*REQUIRED ACTION*. Extract every line from the records below that contains the word "Instrument".

*RECORDED DATA*.
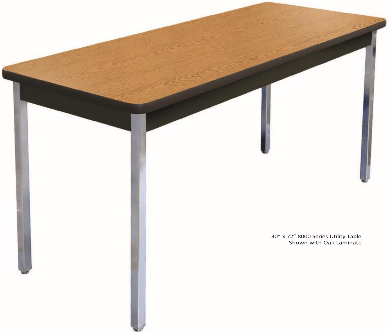
30" x 72" 8000 Series Utility Table Shown with Oak Laminate

The 8000 Series Utility Table is a staple in many settings due to its inherent design characteristics. Steel frames and strong 1¼" thick particleboard with high pressure laminate surface construction ensure that these tables provide many years of dependable service.
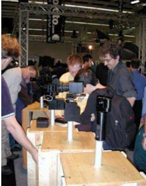
Photokina largest photographic tradeshow in the world.
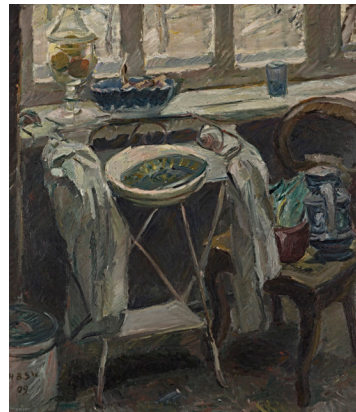
Max Beckmann, Stilleben mit Aussicht aus dem Atelier im Schnee, 1909, Ständige Leihgabe Privat-besitz, Haar, © Urheberrechte am Werk erloschen
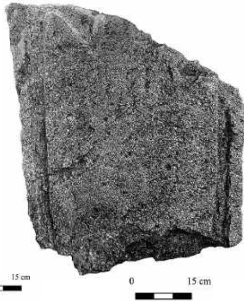
Fig. 3. The tombstone. 3 rd -2 nd centuries BC

One of the tombstones (Fig. 2) was found on the surface north-west of the site. It is a broken rectangular stele made of local limestone, measuring 80.5×55×15 cm. Only the upper right part of the tombstone with a low relief is preserved. It represents the head, neck, sharp shoulder and part of the body of an anthropomorphic figure. The known parallels, as well as specific details, such as part of the neck of suggest that another anthropomorphic image was located to the left. This stele must have belonged to group 2 of the 16 th type of the anthropomorphic gravestones according to the classification by of N. V. Moleva 9 and is dated to the 3 rd century BC.
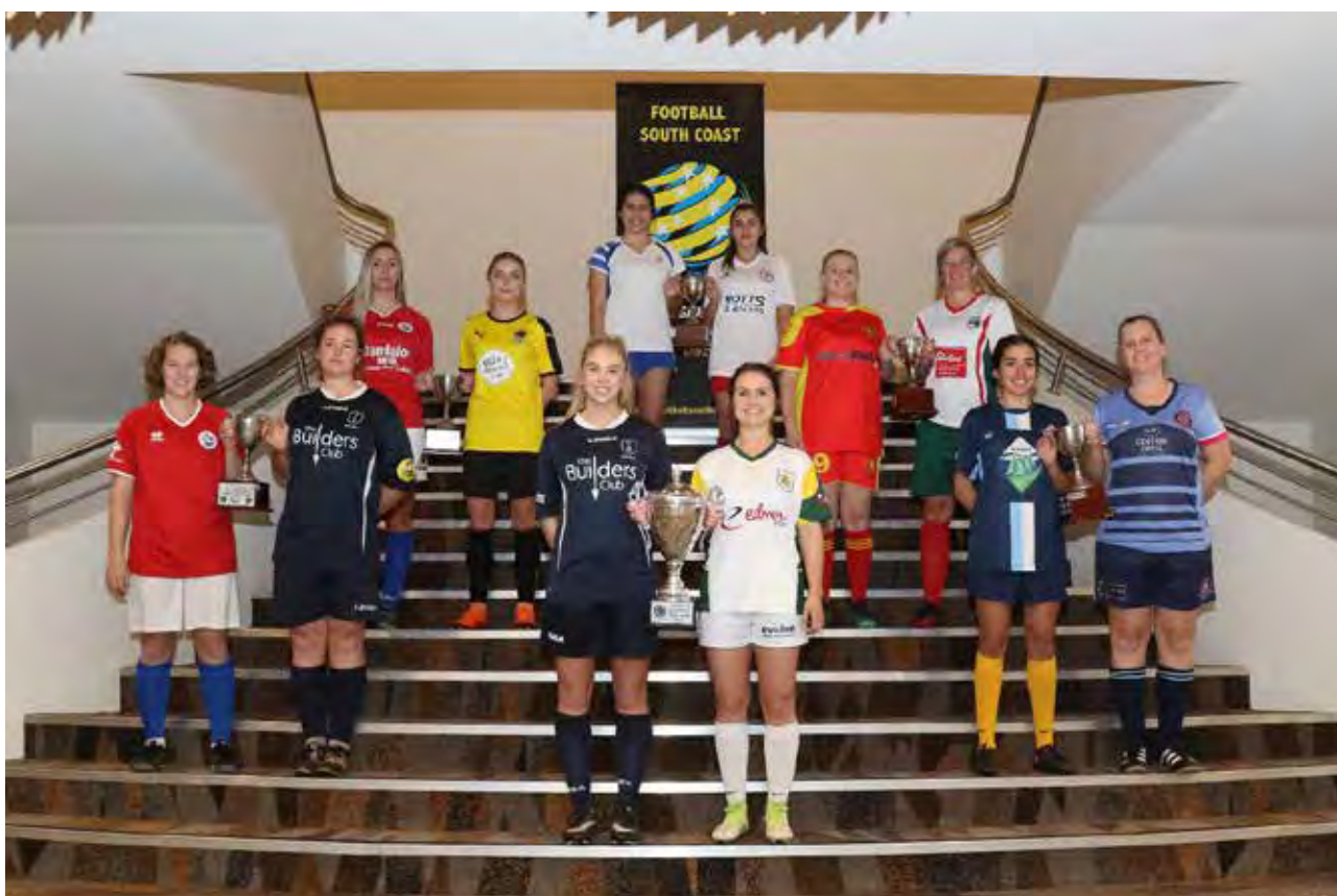
(Pictured above: Grand Finalists across the Builders Club Women’s Competition players across 6 Women’s Competition Divisions including the newly formed Women’s Youth League)
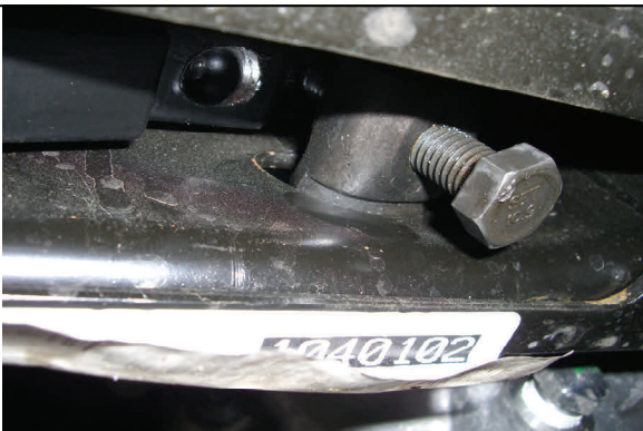
Install new adj. bolt and make bolt flush with cross-member
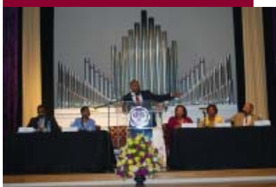
AABE Birmingham Chapter Energy Forum Panelists
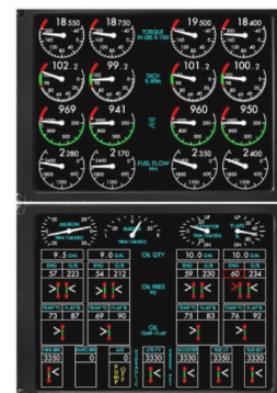
Flat Panel Engine Instrument Displays

Flat Panel Engine Instrument Display for low cost upgrade of the C-130 engine instrument cluster with a 75% reduction of LRUs.
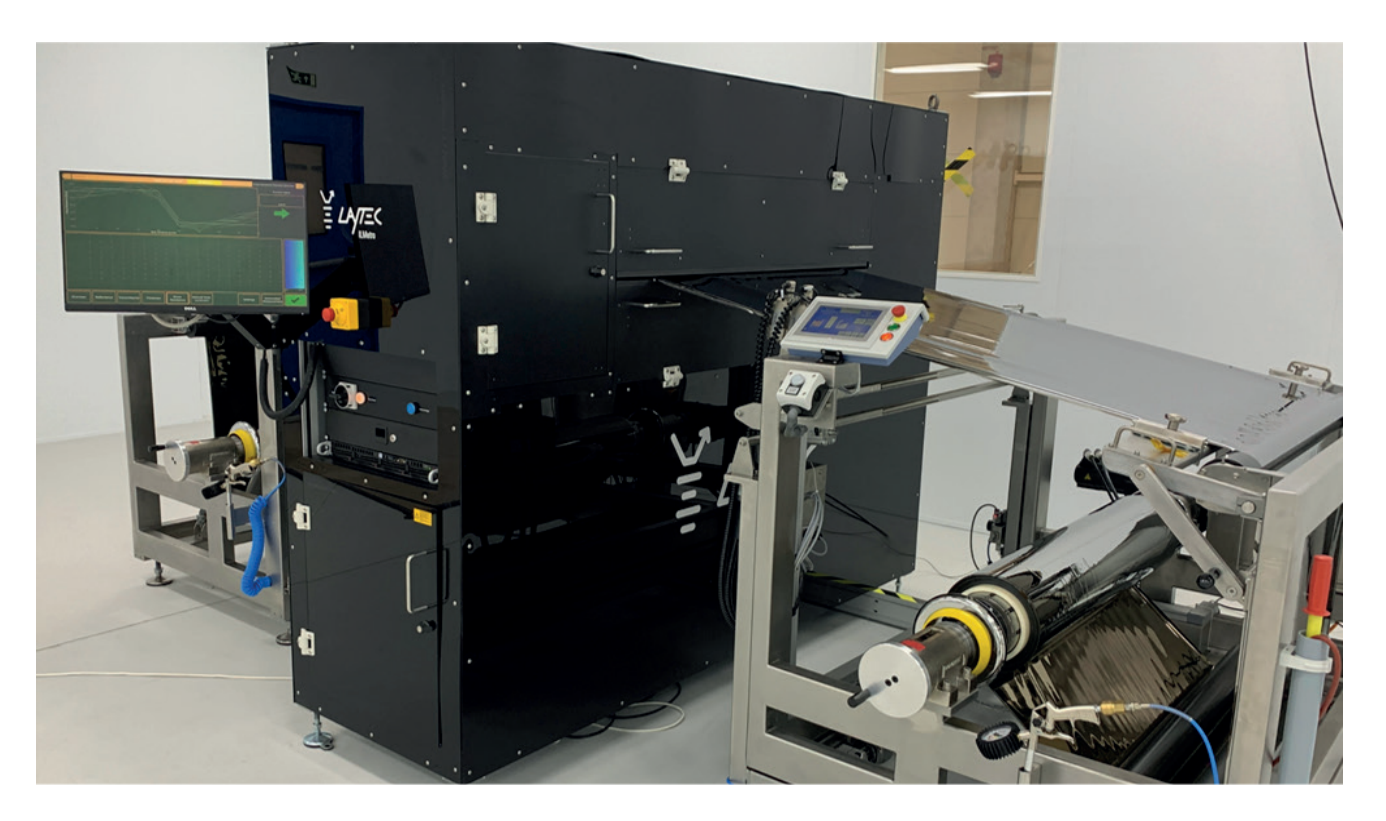
Fig. 1 ILMetro R2R metrology system as recently installed by a leading manufacturer of flexible photovoltaic modules. Here the system is directly integrated into a winder system for transporting the foil to the appropriate measurement positions for quality control purposes.

successfully commissioned at a leading manufacturer of flexible photovoltaic modules. It controls a winder system at high precision for positioning the foil underneath the measurement head and characterizes all critical layers of the film stack for a self-sufficient, comprehensive quality control of the layer properties.
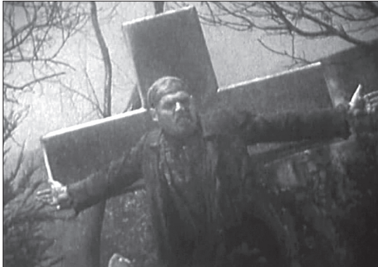
Fig. 2. Magwitch in the churchyard: scene from Great Expectations (1934), Universal Studios.

taken of how Magwitch appears before Pip in a cruciform posture (Fig. 2.), thus suggesting early in the film that the convict will be punished for his crime. But the cross is also the most important Christian symbol, representing the atonement and the victory over sin and death that will save Magwitch's soul. All these alterations clearly appealed to both religious and educational organisations in their demands for moral and instructive pictures.
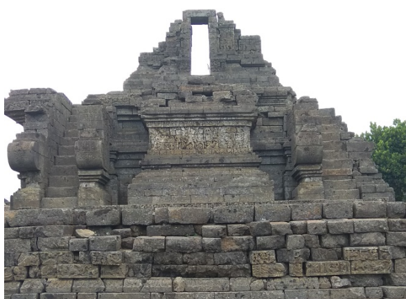
Fig. 3. Candi Jago
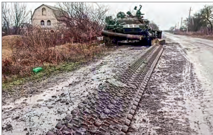
This screen grab obtained from a handout video released by the Russian Defence Ministry on 4 March 2022, shows a destroyed Ukrainian army tank in the settlement of Gnutovo outside Mariupol.

Since President Vladimir Putin’s army invaded on 24 February, Russia has pummelled Ukrainian cities, killed hundreds of civilians and assaulted Europe’s largest atomic power plant.
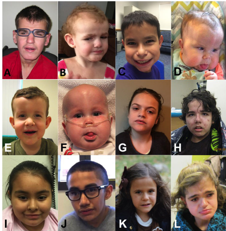
Figure 3. Facial phenotype of individuals with Schaaf-Yang syndrome

While several individuals manifest dysmorphic facial features, such as short noses, bushy eyebrows, and prognathism, the consistency of facial characteristics across individuals is limited. A, patient 1; B, patient 2; C, patient 3; D, patient 4; E, patient 7; F, patient 9; G, patient 10; H, patient 11; I, patient 13; J, patient 14; K, patient 15; L, patient 18.
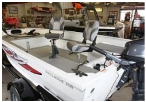
Boat of the Month: PolarKraft Classic - the perfect Pymatuning and Wilhelm 20 hp boat.
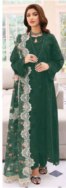
189 D ✻
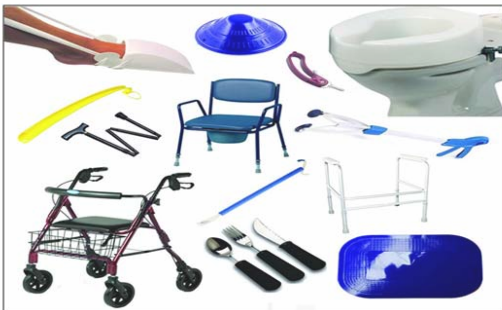
Fig.15. 3: Aids to Daily Living

independently. Daily living aids include aids for tooth brushing, eating, drinking, dressing, toileting, and home maintenance. These are typically used by students with physical disabilities.
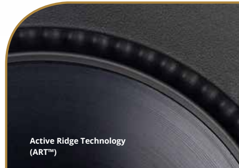
Active Ridge Technology (ART™)

NEW Rear Component Shielding protects internal parts from debris. The polycarbonate material creates an installation that will not warp. Flat covers also make it easy to lie speakers down during the installation process without tipping.
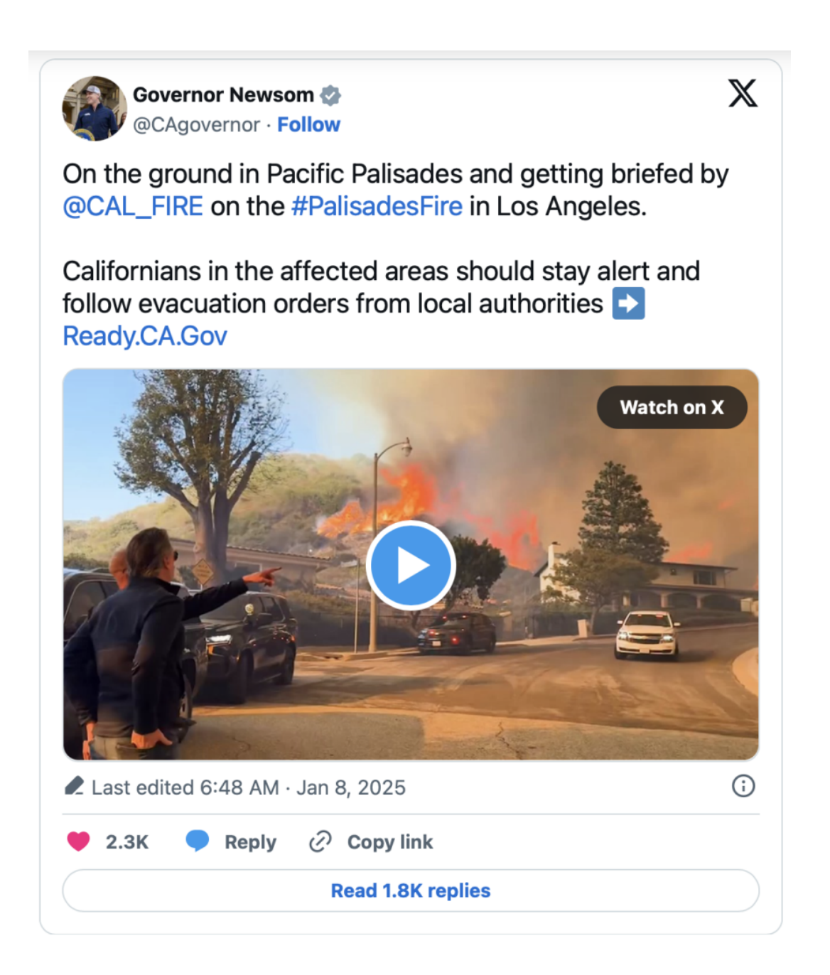
Watch on X
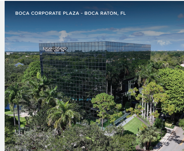
BOCA CORPORATE PLAZA - BOCA RATON, FL

*RESULT BELOW*.
Flat Panel Engine Instrument Displays
Flat Panel Engine Instrument Display for low cost upgrade of the C-130 engine instrument cluster with a 75% reduction of LRUs.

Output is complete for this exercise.